Two questions: will what we have of democracy survive? And will progressives?
First, Mr. Trump, disgusted that his Attorneys-General, VP Pence, and others chose patriotism over licking Trump’s golf shoes, will appoint worse flunkeys this time. He and his advisors have announced plans to challenge our Democratic system. Smarter folks than Trump have detailed plans. He and allies have weakened a lot of the guard-rails we once relied on; but people of good will acting lawfully and non-violently, might just manage to thwart his effort and save the republic. Stay loyal – but watchful.
Individually, we must face this directly without letting it eat us up inside. As Buddhists say about getting others’ criticism, meanness, or bad acts, they’ve handed you a chalice of poison. You alone decide whether or not you drink it, by choosing to take that anger and hatred inside you. Hating Trump does nothing to control his excesses, but weakens you, when our country might need you. And you’ve a life!
Also, recall that many Trump voters are much better people than he. They’re our neighbors, too.
– 30 --
[This column appeared Sunday, 10 November, 2024, in the Las Cruces Sun-News
and will presently appear on the newspaper’s website and on KRWG’s website, under Local Viewpoints. A shortened and sharpened radio commentary version will air during the week on KRWG (90.1 FM) and on KTAL-LP (101.5 FM, streaming at www.lccommunityradio.org/). For further information on the topic of this column, please go to my blog, https://soledadcanyon.blogspot.com/ .]
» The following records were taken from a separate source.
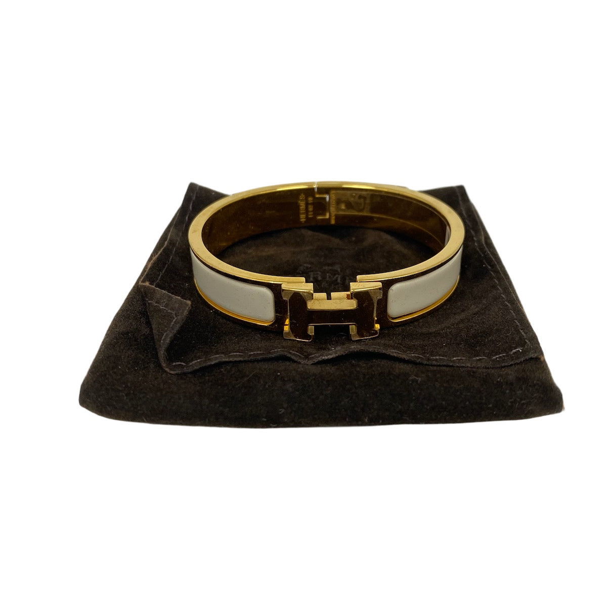 ☆ Hermes 愛馬仕 White Gold-tone Metal Clic H Bangle 白色鍍金金屬手鐲 - 267005163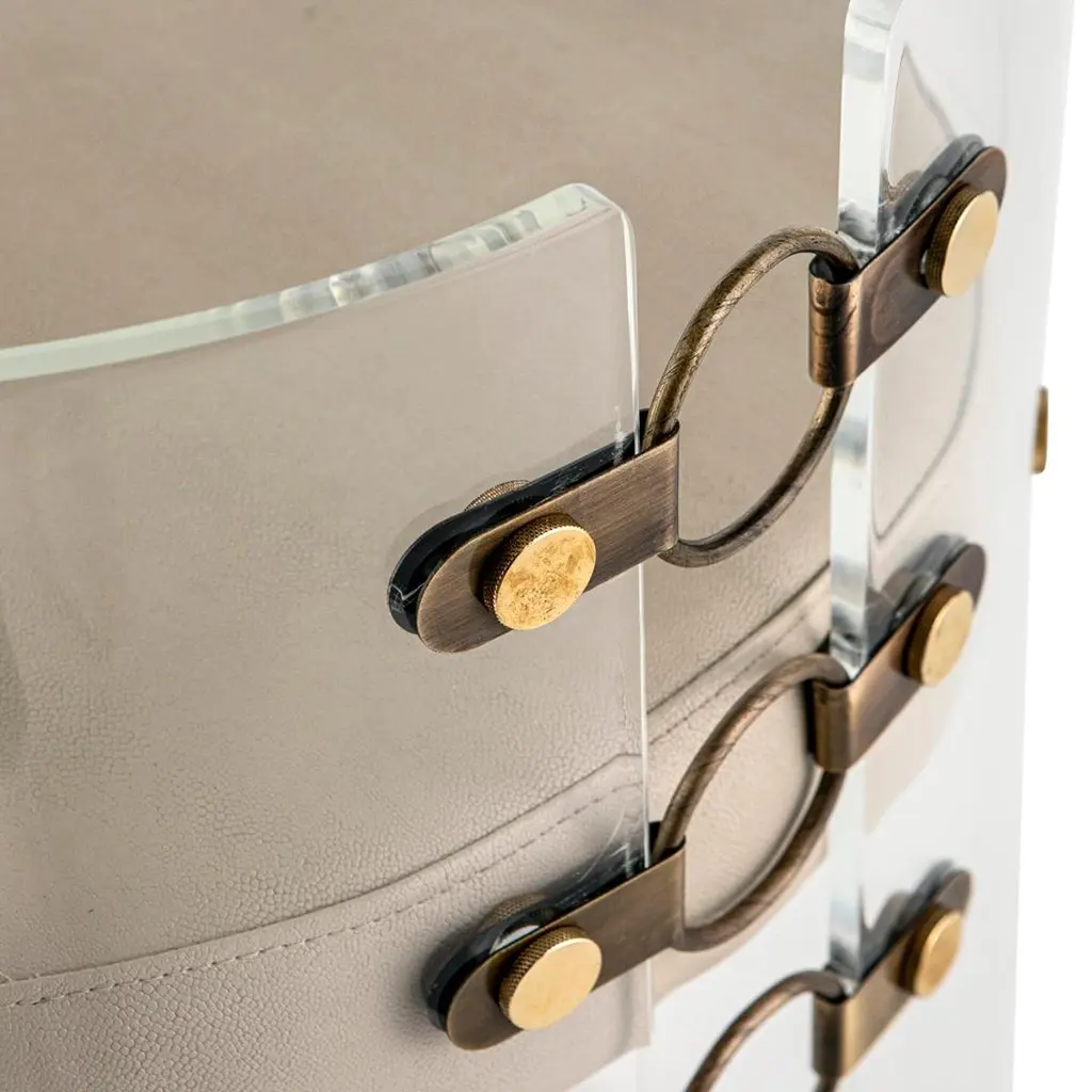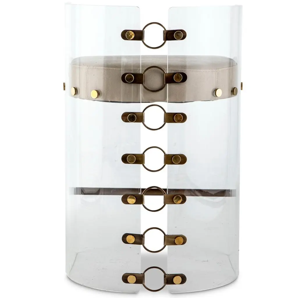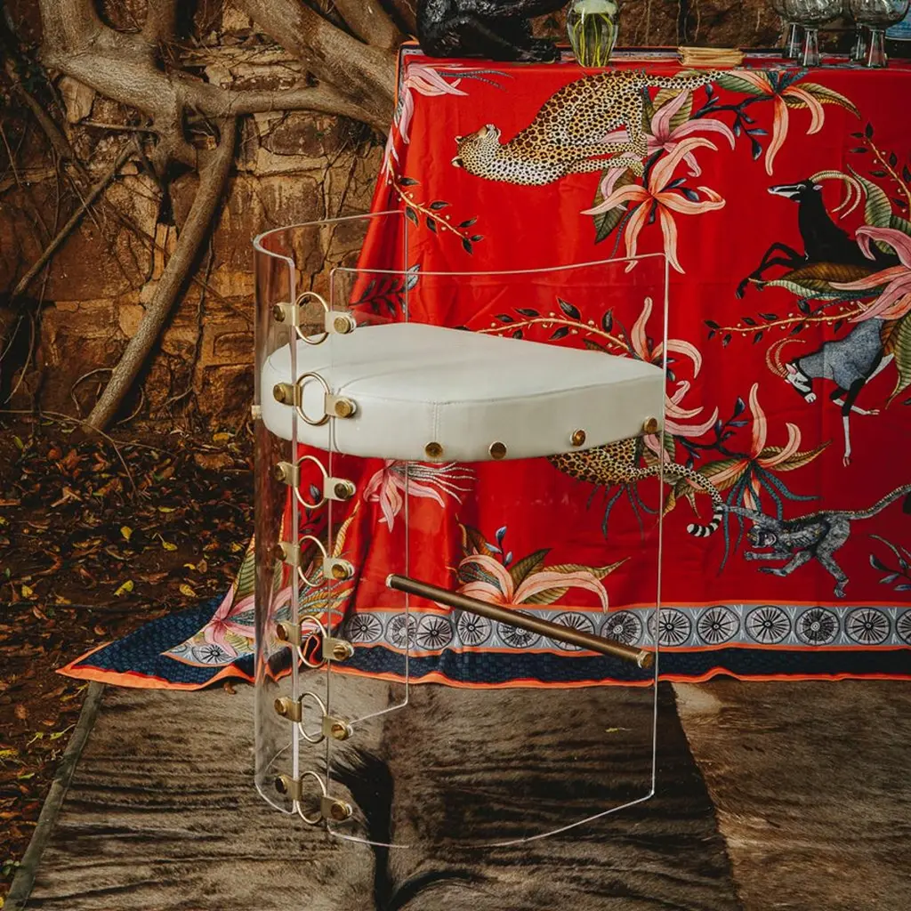 The Jetson bar chair is part of the Tala collection designed by Egg designs and manufactured in South Africa.This Futuristic style bar chair has a clear Lucite Acrylic shell structure in two sections. These two sections are connected with a bronzed steel bracket with rings that create a decorative back spine. When viewed from behind this bar chair boasts both beautiful and interesting details to the viewer.Solid brass pin details add further detail and chair is finished with a leather seat.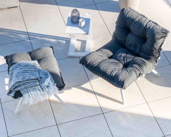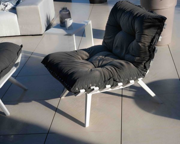 Godetevi un comfort eccezionale in uno stile sofisticato e grafico con la poltrona lounge in tessuto grigio scuro e alluminio bianco della collezione "Lisca" e il suo poggiapiedi modulare.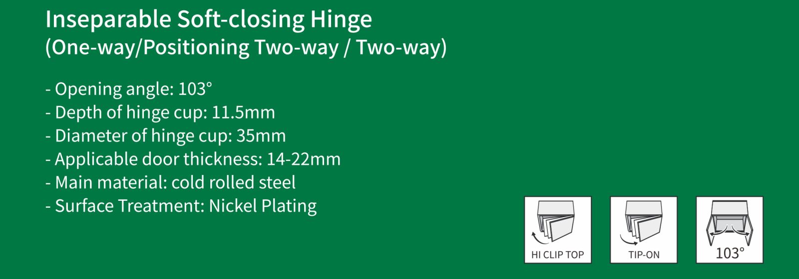 Bản lề đóng êm không thể tách rời (Một chiều/Định vị Hai chiều/Hai chiều)

As far as surviving this personally, try not to let it poison everything! That’s hard, at times; but the better we do at it, the more we enjoy our personal lives and the stronger we are to do what little we can do. We’re all that hummingbird in the old tribal legend: as all the animals flee the huge forest fire, the leopard sees the humming bird repeatedly flying toward the fire, then away again, and asks why. The hummer explains that the forest has sustained it all its life, and, in gratitude, it is flying to the river to drink, then dropping water on the fire; and to the leopard’s comment that the fire is too big to be controlled that way, the hummer says that doing what it can beats the alternatives, and if everyone does what s/he can, who knows?
I’d also recommend a glance at Nicholas Kristof’s Manifesto for Despairing Democrats in the New York Times. One on his list that I work on is: “5. I will try to understand why so many Americans disagree with me. Too many Democrats reflexively assume that any person backing Trump must be a bigot or an idiot. But let’s beware of invidious stereotypes, for finger-wagging condescension alienates centrist voters; it’s difficult to win support from people you’re calling idiots and racists. Many working-class Americans have been left behind economically and have reason to feel angry. And Democrats aren’t going to win elections as long as they seethe at a majority of voters. ”
As far as our democracy, in a previous column [A Grim Direction We Might Take], ’ve made clear how this could go, and why, as best I could within the 570-word Sun-News limit.
Will it?
Mr. Trump’s own actions and words suggest that his Presidency will be an assault on our democracy in the sense that it will further weaken the “guardrails” and be dominated by Mr. Trump’s personal/political interest.
Where will that leave us? Friends who assert the traditional protections will save our democracy are unreasonably optimistic. Friends who say that there’s no chance we can save democracy are too pessimistic. We have some chance. Our greatest hope is Mr. Trump’s own incompetence.
Another factor is Trump’s health. His mind appears to be softening toward dementia – but how fast is anyone’s guess. He’s a fat slob of advanced years, which is not ideal for continuing good health.
Normally, one would figure that if Trump screws up badly or overreaches in obvious ways, popular opinion will punish him politically. However: so far, the conservative sources many people read or watch are doing a great job of presenting inaccuaracies; while some Trump voters aknowledge this but vote for him anyway, others believe and repeat wildly inaccurate facts Neither is a hopeful sign.